Pelvic floor exercises are safe to begin the next day after delivering baby, whether vaginally or via cesarean section.
To perform a pelvic floor contraction, as known as a Kegel, find the muscles you would use to stop urinating. Squeeze these muscles for 3 seconds and then relax. It is important to isolate just the muscles of the pelvis and pay attention to keeping the stomach, thighs and gluteals relaxed. Once you find these muscles hold the squeeze for 3 seconds while maintaining normal breathing. Then relax for 3 seconds. If you want to see the best results repeat this contract->hold->relax 10 times, at least 3 times a day. To progress pelvic floor strengthening, you will add 1 second to your squeeze time every week. Pelvic floor muscles are considered at full strength when you are able to hold for 10 seconds and repeat 10 times.
Transverse Abdominal Activation
The transverse abdominus (TA) is the muscle of our inner core. You supported your baby for the last 9 months; Now it’s important to reconnect to this muscle and learn to cue it. Strengthening the TA is what will help you reach your goals of a pre-baby flat belly.

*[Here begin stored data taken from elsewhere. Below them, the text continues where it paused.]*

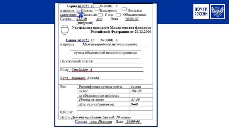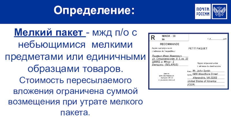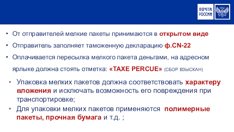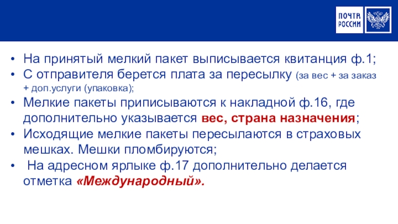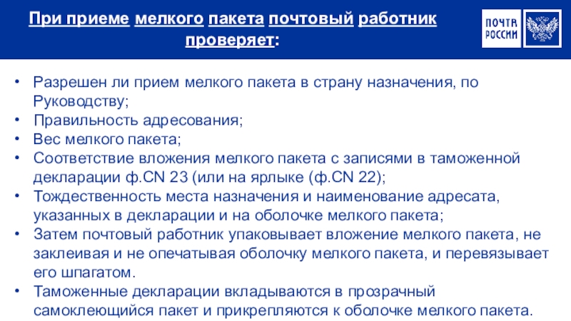 При приеме мелкого пакета почтовый работник проверяет: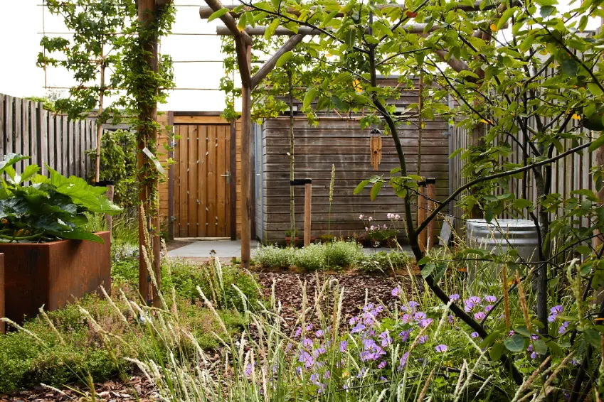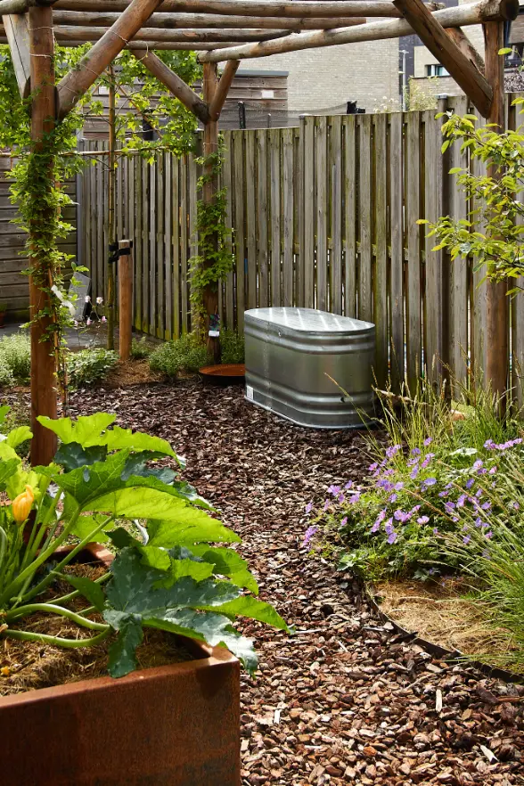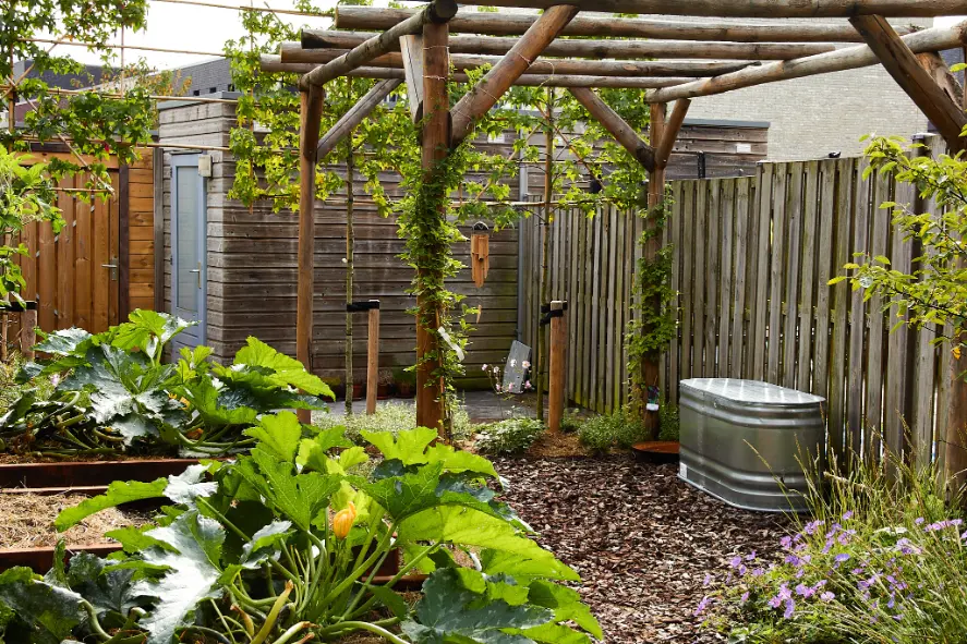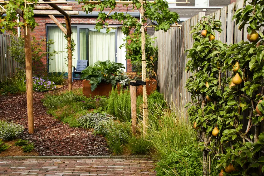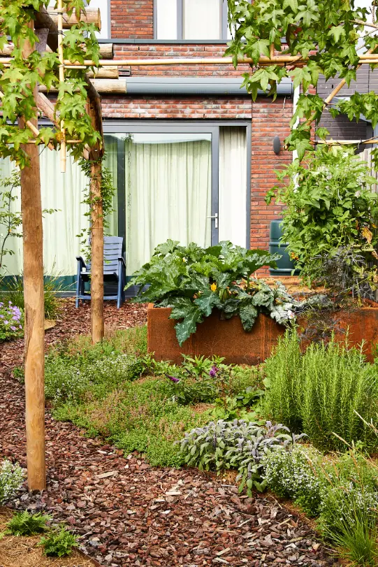 Daarna hebben we de beplanting en aanleg verzorgd. Er zijn verhoogde cortenstalen bakken geplaatst voor groente en kruiden, aangevuld met een pergola met klimplanten voor verticale groei en beschutting. Langs de randen en tegen de schutting is gewerkt met een mix van eetbare vaste planten, siergrassen en bodembedekkers, en er zijn fruitbomen toegevoegd die tegelijk structuur geven en opbrengst leveren. Alles is aangeplant met oog voor biodiversiteit en seizoensbeleving.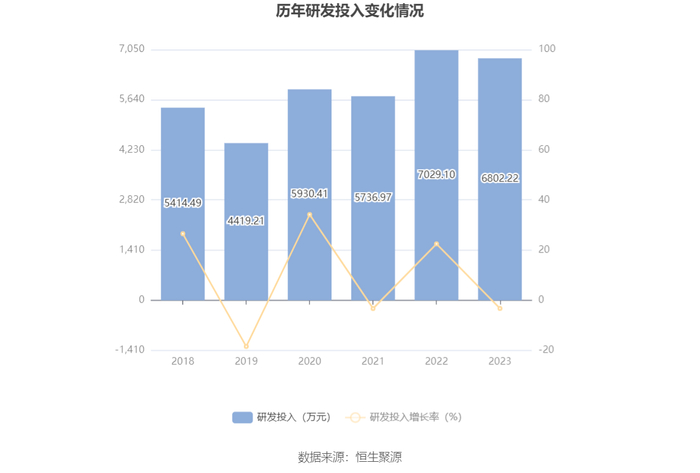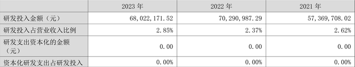 2023年全年,公司研发投入金额为6802.22万元,同比下降3.23%;研发投入占营业收入比例为2.85%,相比上年同期上升0.48个百分点。此外,公司全年研发投入资本化率为0。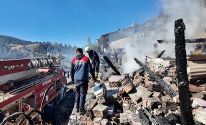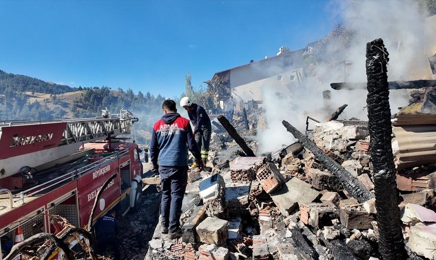 Yangının yayılması üzerine evdeki durum 112 Acil Çağrı Merkezi'ne iletildi. İhbarın ardından olay yerine gelen itfaiye ekipleri, uzun bir mücadele sonrasında hem çöken evdeki hem de diğer evdeki yangını söndürdü.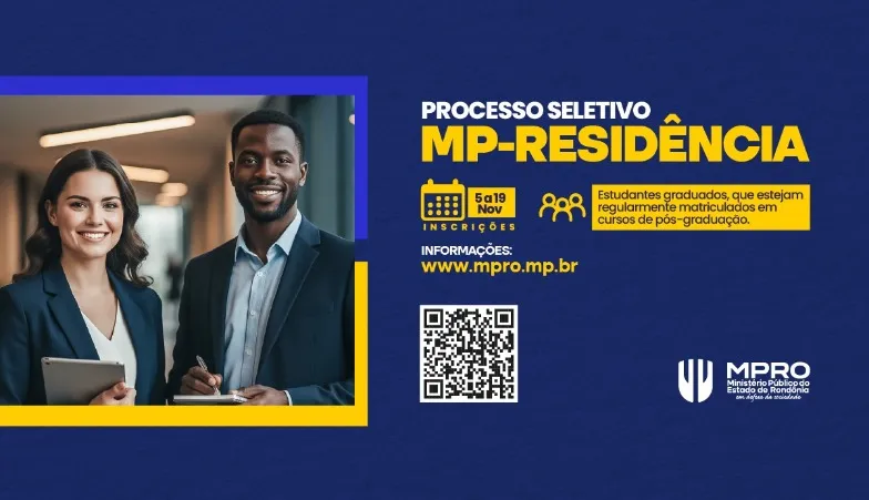 O Ministério Público do Estado de Rondônia (MPRO) anuncia a abertura de inscrições para dois editais do Programa MP-Residência, iniciativa voltada a graduados em curso superior que estejam cursando pós-graduação em áreas específicas. Os processos seletivos, regidos pelos Editais SEI nº 1/2025/SG e nº 2/2025/SG, estão com inscrições abertas de 5 a 19 de novembro de 2025, exclusivamente pelo Portal do Estagiário e MP-Residente, disponível no site do MPRO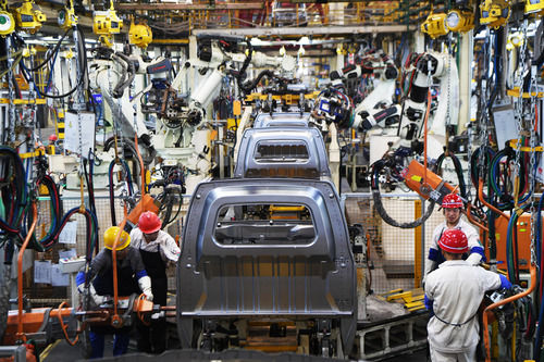 工作人員在位于重慶萬(wàn)州的長(zhǎng)安跨越智能化生產(chǎn)車(chē)間內(nèi)作業(yè)(9月23日攝)。新華社記者 王全超 攝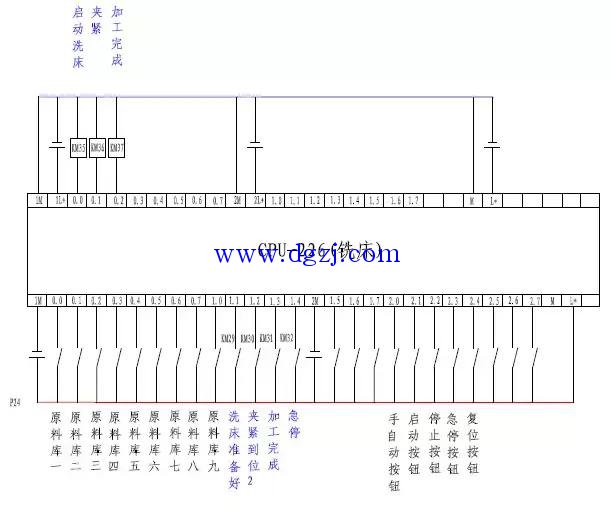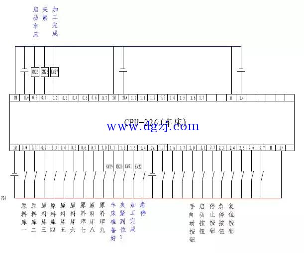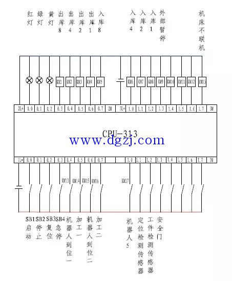 上图PLC采用西门子品牌,S7-300作为上位机,S7-200与机床通过I/O信号相连;S7-300与S7-200使用Profibus总线相连;S7-300与工业机器人使用I/O信号相连;工业机器人主体和控制器之间使用自带通讯电缆(直接接插)连接。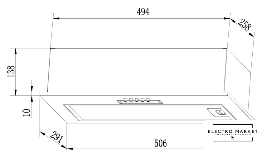 конструкция скрытая, монтаж для встраивания, ширина 59.8 см, управление механическое/кнопочное, производительность мотора 1000 м³/ч, цвет черный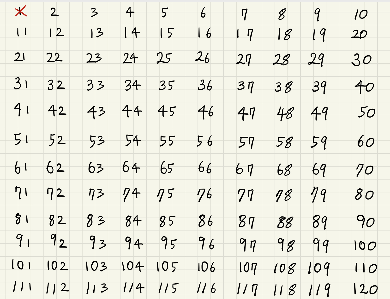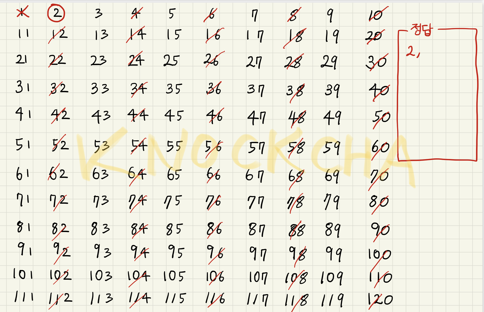 왜 에라토스테네스의 '체'라고 부르는 지 곧 알 수 있는데, 왜냐하면 일단 정수들을 나열해 놓고 소수가 아닌 수들을 걸러낼 것이기 때문이다!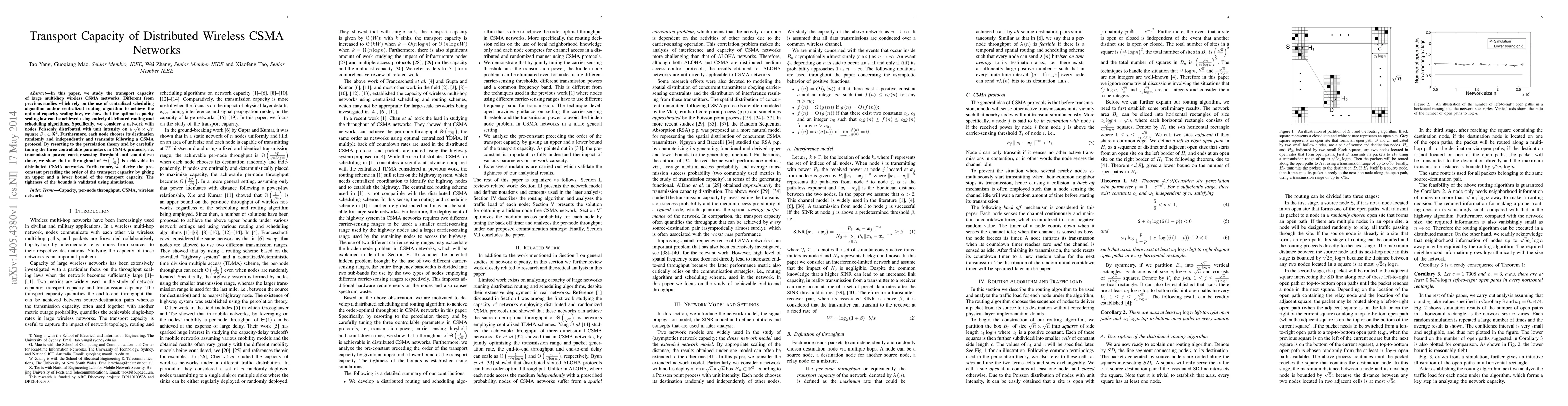 The paper presents a novel approach to achieving optimal transport capacity in distributed wireless CSMA networks through careful tuning of CSMA protocol parameters and routing algorithms.

Start by laying on your back with yours knees bent, as you get stronger you will be able to perform TA activation in any position. Keep a neutral spine (small space between low back and the floor). Place your hands on your stomach so that your finger tips are just inside your hip bone. Take a deep breath into your belly, watching that your stomach rises with your breath, not your chest. As you exhale, engage your deep core as if you’re trying to bring your belly button down to your spine. You do not want your central abdominal muscle to protrude upward. When the TA is activated you want to maintain normal breathing. Begin by holding this activation for 5 seconds and repeating 10 times. Add a second a week until you are able to hold for 10 seconds.